Hence, LCM of 45 and 120 is 360.

Steps to find LCM of 45 and 120 by Common Division Method

Example: Find lcm of 45 and 120 by Common Division Method

2 45 120
2 45 60
2 45 30
3 45 15
3 15 5
5 5 5
1 1

Hence, LCM of 45 and 120 is 2 x 2 x 2 x 3 x 3 x 5 = 360.

Steps to find lcm of 45 and 120 by Formula

Example: Find lcm of 45 and 120 by Formula

  • GCF of 45 and 120 = 15
  • LCM of 45 and 120 = (45 x 120) / 15
  • => 5400 / 15

Hence, LCM of 45 and 120 is 360.

Examples

Steve spends 45 dollars every day while George spends 120 dollars every day. What is the least number of days it will take each person to spend the same amount of money?

To find the least number of days that would be taken to be able to spend the same amount of dollars we need to find the LCM of 45 and 120.
So, LCM of 45 and 120 is 360.

Boxes that are 45 inches tall are being pilled next to boxes that are 120 inches tall. What is the least height in feet at which the two piles will be the same height?

To find the least height in feet at which the two piles will be at same height we will find LCM of 45 and 120.
So, LCM of 45 and 120 is 360.

Sammy's company prints 45 textbooks at a time. Daniel's company prints textbooks in sets of 120 at a time. According to a survey done by a committee, both companies printed the same number of textbooks last year. Find the least number of books that each company would have printed.

To find the least number of textbooks that each company could have printed we need to find the LCM of 45 and 120.
So, LCM of 45 and 120 is 360.

Ram and Deepika are running on a circular track. They start at the same time. They take 45 and 120 minutes respectively to go round once. Find at what time they will run together?

Ram and Deepika are running on a circular track. They take 45 and 120 minutes respectively to go round once. We need to find out at what time (minimum) they will run together again. For this we need to find the LCM of 45 and 120.
So, LCM of 45 and 120 is 360.

Find the LCM of 45 and 120 using GCF method.

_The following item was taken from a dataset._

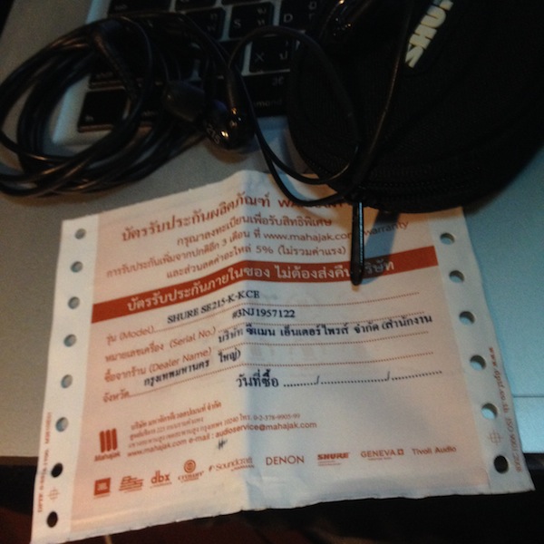 ขายหูฟัง Shure SE215 สภาพใหม่กริ๊บครับ ซื้อมาเมื่อต้นเดือนกรกฏาคมแต่ใส่หูไปไม่ถึงสิบครั้ง เบิร์นไปแล้วราวๆ 20 ชั่วโมง กล่อง ใบรับประกันอยู่ครบครับ ยังไม่ได้ Register สินค้ากับทางเวปของ Shure เลยครับ

Greatest common factor or gcf of 45 and 120 is GCF(45, 120) x LCM(45, 120) = (45 x 120) / GCF(45, 120) = 360.

Find the least common multiple of 45 and 120.

Least common multiple of 45 and 120 is 360.

Find the least number which is exactly divisible by 45 and 120.

Least number which is exactly divisible by 45 and 120 is 360.